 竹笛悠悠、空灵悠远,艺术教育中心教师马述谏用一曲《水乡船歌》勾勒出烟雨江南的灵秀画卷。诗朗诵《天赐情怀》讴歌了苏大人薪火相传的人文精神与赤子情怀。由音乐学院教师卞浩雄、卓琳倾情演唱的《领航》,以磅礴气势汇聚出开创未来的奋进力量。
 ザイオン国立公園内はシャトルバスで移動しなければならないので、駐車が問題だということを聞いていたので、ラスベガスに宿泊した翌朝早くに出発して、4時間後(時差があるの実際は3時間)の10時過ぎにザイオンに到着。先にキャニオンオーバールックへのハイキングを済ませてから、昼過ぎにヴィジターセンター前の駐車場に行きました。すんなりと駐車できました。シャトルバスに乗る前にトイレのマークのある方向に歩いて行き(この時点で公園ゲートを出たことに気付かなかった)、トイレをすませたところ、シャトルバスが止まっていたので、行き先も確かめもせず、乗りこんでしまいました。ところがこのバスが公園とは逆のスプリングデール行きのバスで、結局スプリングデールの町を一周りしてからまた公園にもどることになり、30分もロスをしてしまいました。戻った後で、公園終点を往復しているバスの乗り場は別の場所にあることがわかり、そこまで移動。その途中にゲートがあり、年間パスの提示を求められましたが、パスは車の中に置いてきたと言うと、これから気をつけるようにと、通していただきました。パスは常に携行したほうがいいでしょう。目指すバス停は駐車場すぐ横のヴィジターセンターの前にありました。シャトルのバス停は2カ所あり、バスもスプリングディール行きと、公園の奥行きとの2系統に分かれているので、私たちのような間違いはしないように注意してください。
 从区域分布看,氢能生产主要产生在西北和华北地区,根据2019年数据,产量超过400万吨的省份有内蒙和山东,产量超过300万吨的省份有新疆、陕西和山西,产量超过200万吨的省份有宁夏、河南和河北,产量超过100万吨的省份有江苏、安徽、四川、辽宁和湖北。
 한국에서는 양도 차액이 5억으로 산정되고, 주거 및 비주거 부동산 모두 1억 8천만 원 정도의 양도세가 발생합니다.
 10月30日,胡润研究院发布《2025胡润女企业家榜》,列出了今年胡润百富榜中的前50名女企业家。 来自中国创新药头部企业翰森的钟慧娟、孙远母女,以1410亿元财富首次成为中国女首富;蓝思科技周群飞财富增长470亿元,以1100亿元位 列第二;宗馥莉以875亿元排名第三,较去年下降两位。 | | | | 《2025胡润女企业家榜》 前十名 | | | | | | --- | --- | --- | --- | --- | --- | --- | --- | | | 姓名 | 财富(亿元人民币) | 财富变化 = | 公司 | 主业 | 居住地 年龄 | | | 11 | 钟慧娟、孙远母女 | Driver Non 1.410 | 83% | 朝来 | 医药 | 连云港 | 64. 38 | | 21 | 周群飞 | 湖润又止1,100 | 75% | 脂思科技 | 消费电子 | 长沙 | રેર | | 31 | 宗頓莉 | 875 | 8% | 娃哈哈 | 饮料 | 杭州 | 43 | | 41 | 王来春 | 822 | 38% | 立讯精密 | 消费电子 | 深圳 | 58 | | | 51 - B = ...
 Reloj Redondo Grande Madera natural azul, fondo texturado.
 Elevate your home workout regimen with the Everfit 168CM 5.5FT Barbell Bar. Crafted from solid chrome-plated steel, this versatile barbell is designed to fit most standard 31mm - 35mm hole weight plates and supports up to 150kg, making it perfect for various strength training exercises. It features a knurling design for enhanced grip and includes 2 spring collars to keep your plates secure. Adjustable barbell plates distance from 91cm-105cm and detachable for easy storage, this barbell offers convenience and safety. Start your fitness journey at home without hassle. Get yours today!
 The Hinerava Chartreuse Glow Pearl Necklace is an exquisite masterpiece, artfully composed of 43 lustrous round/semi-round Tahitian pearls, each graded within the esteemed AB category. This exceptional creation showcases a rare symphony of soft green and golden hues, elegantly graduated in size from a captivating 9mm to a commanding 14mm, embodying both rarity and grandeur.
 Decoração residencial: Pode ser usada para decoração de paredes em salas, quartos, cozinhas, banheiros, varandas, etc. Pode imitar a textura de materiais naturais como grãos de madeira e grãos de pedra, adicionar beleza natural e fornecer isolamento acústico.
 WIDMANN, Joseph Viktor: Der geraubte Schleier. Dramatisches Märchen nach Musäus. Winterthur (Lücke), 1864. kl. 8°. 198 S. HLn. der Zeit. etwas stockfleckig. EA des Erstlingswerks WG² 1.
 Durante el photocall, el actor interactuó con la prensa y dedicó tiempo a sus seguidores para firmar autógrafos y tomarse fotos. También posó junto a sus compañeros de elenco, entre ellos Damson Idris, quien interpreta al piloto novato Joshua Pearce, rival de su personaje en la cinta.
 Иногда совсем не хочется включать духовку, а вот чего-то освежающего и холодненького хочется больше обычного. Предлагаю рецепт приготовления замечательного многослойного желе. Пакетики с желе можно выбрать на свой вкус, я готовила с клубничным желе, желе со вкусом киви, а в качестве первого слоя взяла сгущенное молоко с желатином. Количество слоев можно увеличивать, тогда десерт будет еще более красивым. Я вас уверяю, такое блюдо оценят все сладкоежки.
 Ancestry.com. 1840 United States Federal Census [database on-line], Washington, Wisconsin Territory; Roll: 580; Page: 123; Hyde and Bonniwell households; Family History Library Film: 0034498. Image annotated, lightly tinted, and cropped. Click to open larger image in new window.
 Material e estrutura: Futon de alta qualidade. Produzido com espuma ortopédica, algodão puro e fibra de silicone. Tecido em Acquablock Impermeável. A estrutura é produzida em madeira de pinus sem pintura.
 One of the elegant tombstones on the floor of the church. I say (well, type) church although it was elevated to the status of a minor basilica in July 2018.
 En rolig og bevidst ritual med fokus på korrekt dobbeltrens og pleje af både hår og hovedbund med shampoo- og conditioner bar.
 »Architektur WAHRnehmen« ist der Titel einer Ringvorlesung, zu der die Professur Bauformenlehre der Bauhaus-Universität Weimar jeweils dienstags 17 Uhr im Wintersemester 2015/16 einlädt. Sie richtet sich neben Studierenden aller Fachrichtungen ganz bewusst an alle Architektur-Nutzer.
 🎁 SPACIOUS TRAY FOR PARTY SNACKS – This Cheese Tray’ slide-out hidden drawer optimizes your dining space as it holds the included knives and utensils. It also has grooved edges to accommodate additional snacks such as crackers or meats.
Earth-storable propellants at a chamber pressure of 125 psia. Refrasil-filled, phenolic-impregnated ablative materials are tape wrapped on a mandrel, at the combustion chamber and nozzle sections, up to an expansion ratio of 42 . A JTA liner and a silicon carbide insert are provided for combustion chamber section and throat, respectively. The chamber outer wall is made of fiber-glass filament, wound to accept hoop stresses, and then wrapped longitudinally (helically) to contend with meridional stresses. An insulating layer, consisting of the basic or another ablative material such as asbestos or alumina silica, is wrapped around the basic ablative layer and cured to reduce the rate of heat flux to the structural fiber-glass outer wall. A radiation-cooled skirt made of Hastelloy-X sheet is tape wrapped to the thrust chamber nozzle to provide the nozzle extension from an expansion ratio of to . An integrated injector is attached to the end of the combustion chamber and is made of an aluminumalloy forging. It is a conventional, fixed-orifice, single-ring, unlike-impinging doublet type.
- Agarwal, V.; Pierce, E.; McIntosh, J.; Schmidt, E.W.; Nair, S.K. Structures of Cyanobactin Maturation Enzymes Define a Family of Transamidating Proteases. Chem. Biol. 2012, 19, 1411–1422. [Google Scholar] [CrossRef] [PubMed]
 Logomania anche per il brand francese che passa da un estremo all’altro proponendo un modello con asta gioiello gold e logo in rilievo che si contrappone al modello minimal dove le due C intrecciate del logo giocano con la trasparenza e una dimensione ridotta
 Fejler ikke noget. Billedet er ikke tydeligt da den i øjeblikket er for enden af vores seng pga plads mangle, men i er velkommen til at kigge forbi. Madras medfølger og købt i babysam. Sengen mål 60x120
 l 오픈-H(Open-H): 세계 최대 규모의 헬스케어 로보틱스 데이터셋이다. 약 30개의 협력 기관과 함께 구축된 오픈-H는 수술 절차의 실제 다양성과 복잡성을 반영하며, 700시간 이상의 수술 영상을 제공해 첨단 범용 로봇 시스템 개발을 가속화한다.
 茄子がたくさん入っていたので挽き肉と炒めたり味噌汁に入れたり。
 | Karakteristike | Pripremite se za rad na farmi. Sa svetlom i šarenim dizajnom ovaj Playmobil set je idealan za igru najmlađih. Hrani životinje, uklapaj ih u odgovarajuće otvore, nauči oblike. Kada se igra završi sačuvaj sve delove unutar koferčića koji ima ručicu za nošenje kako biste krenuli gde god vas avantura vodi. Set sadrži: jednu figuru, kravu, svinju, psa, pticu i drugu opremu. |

• **GOAL OF THE EXERCISE**
Within the material above, copy exactly the lines from the line that holds "an alle Architektur-Nutzer." up to and including the line that holds "crackers or meats.".

• **SOLUTION TO THE EXERCISE**
 »Architektur WAHRnehmen« ist der Titel einer Ringvorlesung, zu der die Professur Bauformenlehre der Bauhaus-Universität Weimar jeweils dienstags 17 Uhr im Wintersemester 2015/16 einlädt. Sie richtet sich neben Studierenden aller Fachrichtungen ganz bewusst an alle Architektur-Nutzer.
 🎁 SPACIOUS TRAY FOR PARTY SNACKS – This Cheese Tray’ slide-out hidden drawer optimizes your dining space as it holds the included knives and utensils. It also has grooved edges to accommodate additional snacks such as crackers or meats.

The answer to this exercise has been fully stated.